Sex

Girl on phone: Well then, riddle me this, smart guy: why'd I wake up naked?

–Smith & Sackett, Cobble Hill

Overheard by: Swimfan

Girl: Oh my god! I can't wait to see them naked!

–Elevator, Times Square Arts Center

Overheard by: Natalie

Museum worker: And then I woke up buck naked in a hotel, and there were pictures of me all over the room.

–Museum of Art and Design

Guy: No, I will not do it in here again. Just because I'm wearing nothing under my jacket, doesn't mean I'm going to flash a crowd of people in every store we enter. I've done it three times already. Get your rocks off some other way.

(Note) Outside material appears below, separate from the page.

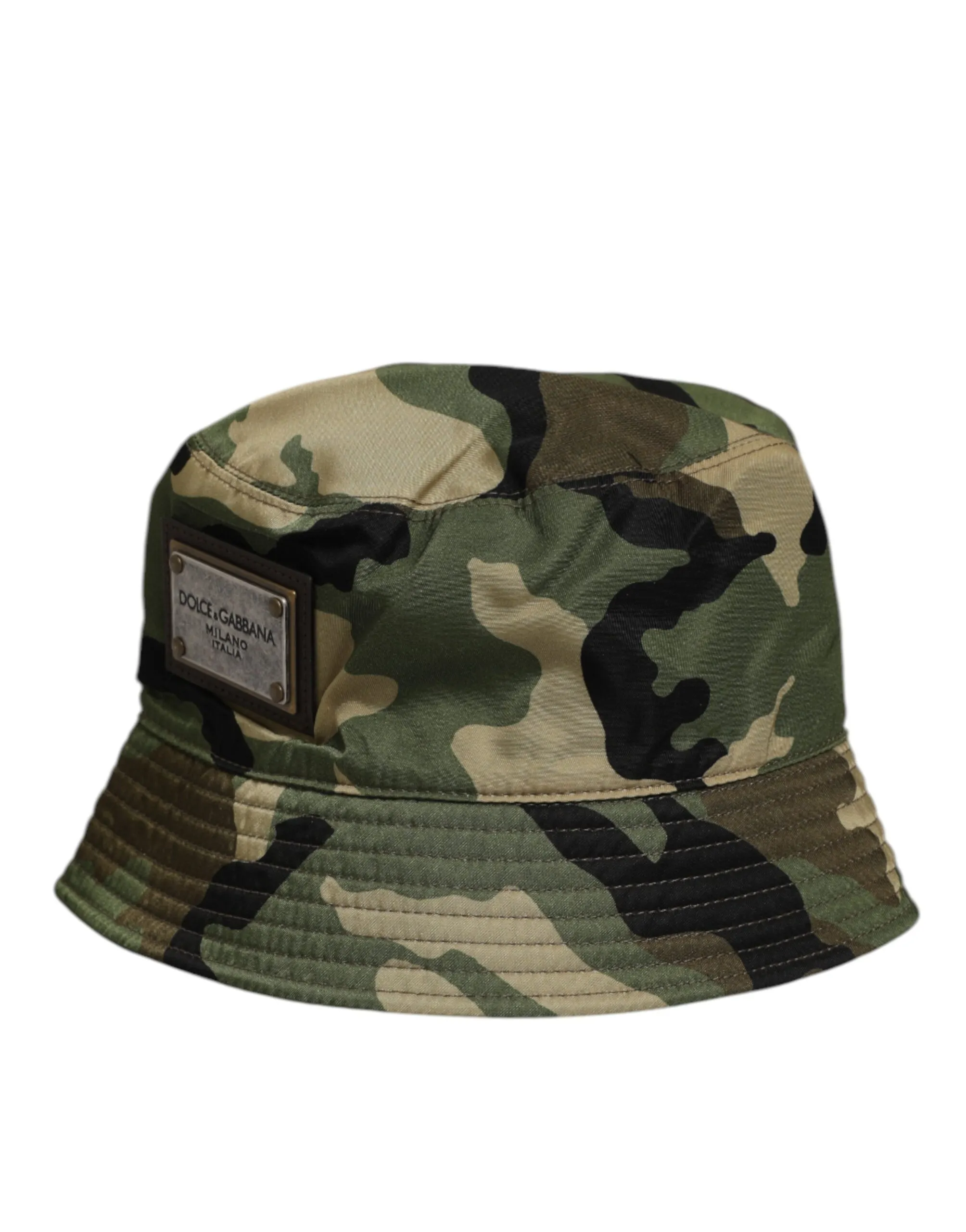 Gorgeous brand new with tags, 100% Authentic Dolce & Gabbana hat, crafted in Italy from premium material. Featuring a striking green camouflage print and a bold metallic Dolce & Gabbana Milano logo plaque on the front, this bucket hat blends rugged utility style with luxury detailing.

–Columbus Circle Mall Escalator

Overheard by: Martin

Drunk girl at NYU protest: I don't even know why I'm here, I just want to take off my clothes!

–NYU Kimmel Center

Overheard by: Lilo

Girl on train: Oh, hi! I didn't recognize you with your clothes on.

–A Train

Overheard by: Don't even wanna know

Girl on cell: So I'm gonna be naked, but that's okay, I'll be wearing rollerblades.

–N 4th & Bedford Ave

Dude: Bitch, you’re one hot bitch.
Girl: Did you just call me a bitch?
Dude: Wanna have sex?
Girl: I would, but I have to walk in this direction now.

–Central Park

Hipster: Of course I saw her fuck him–I was watching!

–Grand St, Williamsburg

Guy: I even thought about taking him to the tranny bar, you know, so he could be free.

–Sounds, St. Marks Place

Overheard by: Dr. Ballon

Hipster #1: …I don’t know dude, I wouldn’t fuck her.
Hipster #2: What? Why not? She’s hot!
Hipster #1: I don’t like fucking ’em when they’re taller than me. Feels too much like prison sex.

–F train

Old junkie guy #1: …So the bitch is fucking bitching about wearin’ a condom. She won’t let me bust my nut in her ’til I slap one on. So I do! And the bitch gives me crabs!
Old junkie guy #2: What a ho.

–Bx15 bus

Woman: All right, but you’ve really got to stop smoking once you start showing.

–14th & 7th

Guy: We were going by and her mom said, “Hey Mindy! Jumprope! Want to
pee?”.

–Suffolk Street rooftop

Teen girl on cell: Things have changed. We’re not even friends anymore; she’s like this expensive tampon-wearing, stuck-up slut. So what if she can afford Tampax Pearl, I’m still better than her!

–49th & Broadway

Bored woman on cell: Yes baby, that’s the spot, I’m coming.

–F train

Jewish JHS boy: My older brother keeps calling me a pussy and telling me I have to play sports. He’s such a douche.

–S train

Overheard by: Jennifer Smith

Teenage girl: But I think it’s always a bad sign when you see blood floating in the ocean, whether it’s actually whale menstrual fluid or not.

–Macy’s

Overheard by: djlindee

Girl #1: What’s with all the little white men?
Girl #2: The Navy guys?
Girl #1: White, Jesus.
Girl #2: What?
Pause
Girl #1: In those little costumes… don’t you just want to jump them?

–34th & Lexington

Overheard by: love them sailors

Woman #1: So I told him, “Nigga, you can’t touch none of this!”
Woman #2: Ha, ha. Girl, what you need is a horse dick!

–125th & Lexington

Overheard by: Johnny Tremain

Guy: Your fly is unzipped.
Girl: Oh…
Oldish lady: Easy access, kid! Goodness, you should be fucking already!